I turned right, heading further uphill to Thaddeus’s with my heart in my throat.

If they weren’t here, then I had no idea where they would be.

I hated the thought of them being left in the sun to rot.

None of the people here deserved any of this.

“What will you do when you find them?” Ash asked suddenly, breaking the tension-strung silence. I heard his real question; did I still plan on accompanying him?

“I gave you my word. I will go with you as promised. But I need to see that they’re alive.”

“And what happens if they’re not?” It wasn’t a mean-spirited question. There was no malice there. Only a grim possibility I needed to acknowledge. I clamped down on the idea, wrenching it from my mind and purging it before it could even take root.

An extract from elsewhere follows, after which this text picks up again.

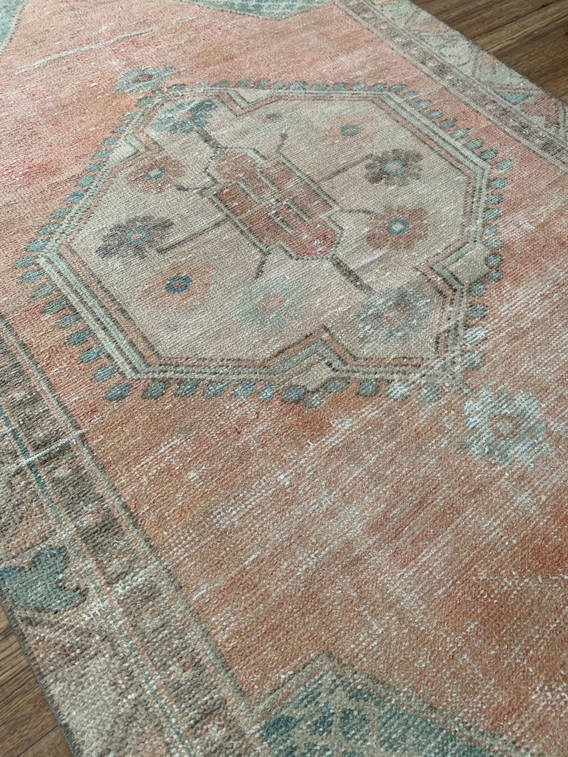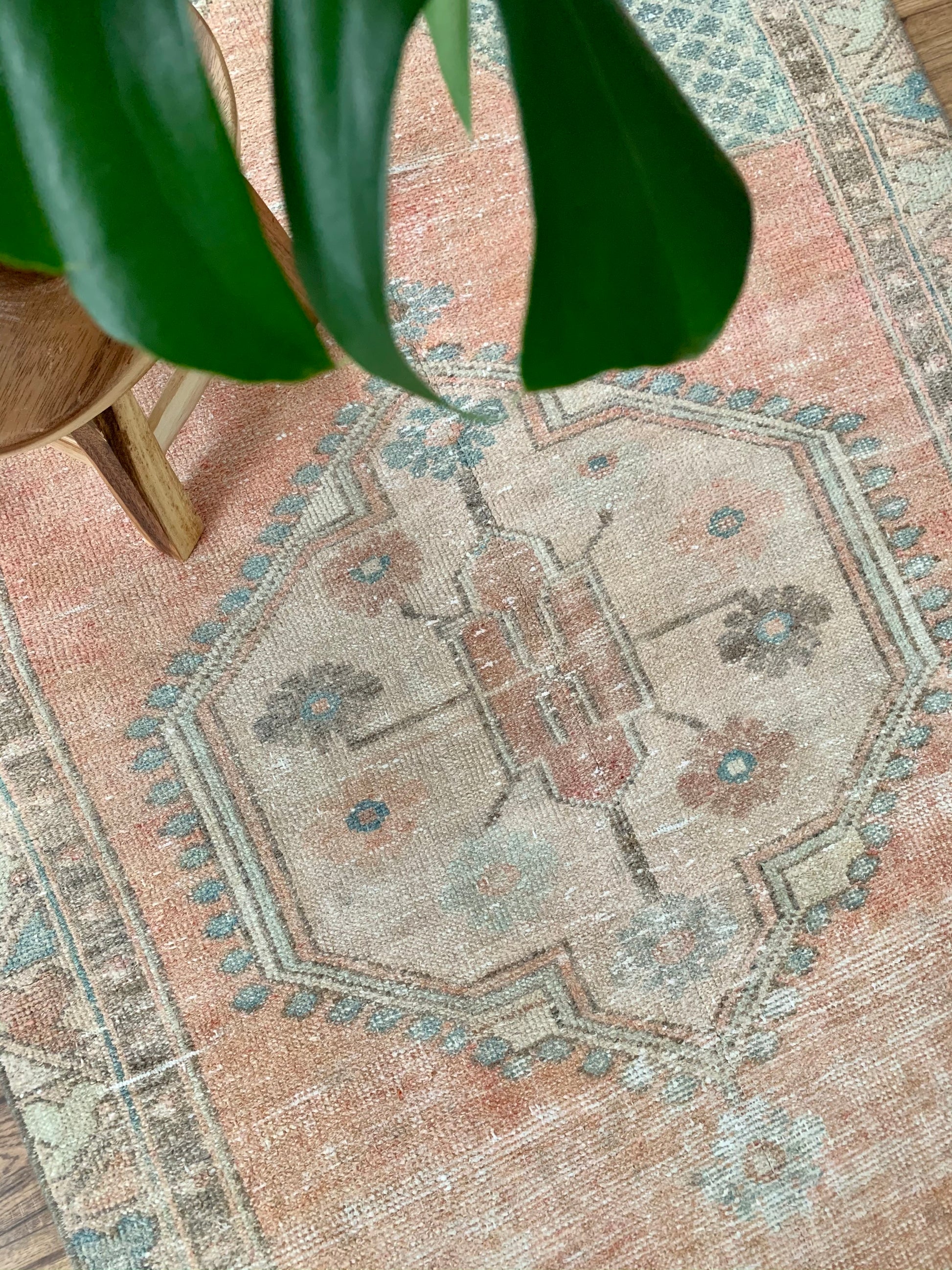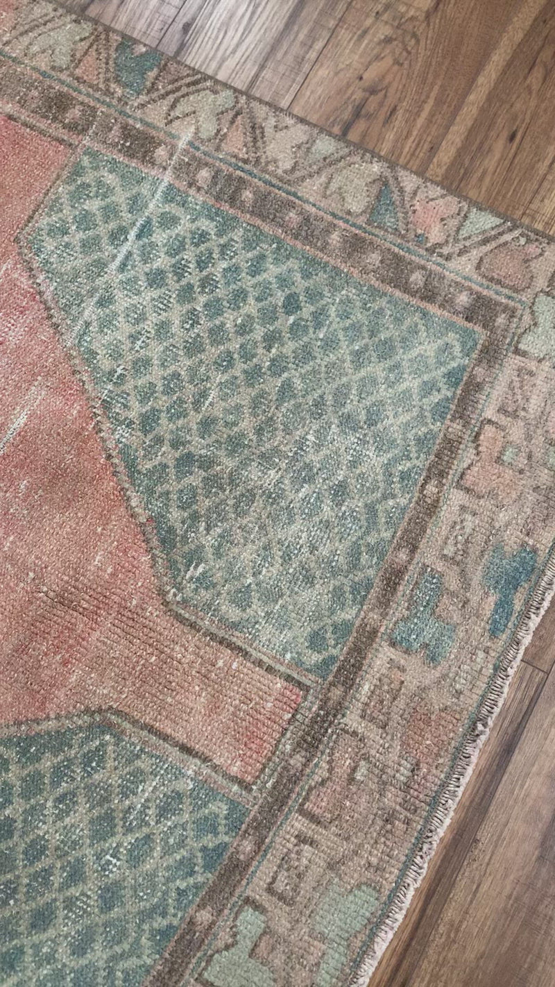 All rugs have been thoroughly cleaned; age-related wear and patina are considered normal in these unique, hand woven vintage rugs. All pieces have been photographed with moderate natural light. Colors may vary depending on your phone or screen settings. Some items may not be perfectly straight or rectangle. We consider these characteristics part of what makes them truly one-of-a-kind.

“They will be.” My teeth ground as I spat the words. Desperation clawed at my ribs, renewing my sense of urgency. “You don’t know them like I do.”

“Hope is a double-edged sword, little shadow. Careful you don’t get cut by it.”

“You don’t think there’s a chance?”

“I think you need to be prepared for any eventual outcome. Look around you.”

I did. More death followed us. I could see the green door of Thaddeus’s house.

Green. The color of healing. Of hope. Of aid.

I couldn’t stop myself from breaking into a sprint, running full out to the door, Ash’s footsteps lightly trailing behind me.

He moved eerily quietly, like that of an assassin.

Even movements that should have been loud were hauntingly silent, and if I weren’t so scared for my friends, it might have given me pause.

I wasted no time. I rammed my shoulder into the door, pain exploding up into my neck. I didn’t even budge the door, but I bounced off of it hard. I began looking for the nearest window.

“Thaddeus? Row? Dess?” I asked as loudly as I dared, peeking into the windows for signs of life.

A massive boom usurped my attention, and I whirled towards it. Somehow Ash had opened it. He cocked an eyebrow at me.

“After you.”

I wasted no time stepping into the home of my best friend, one dagger in each hand, ready for more exploding chaos.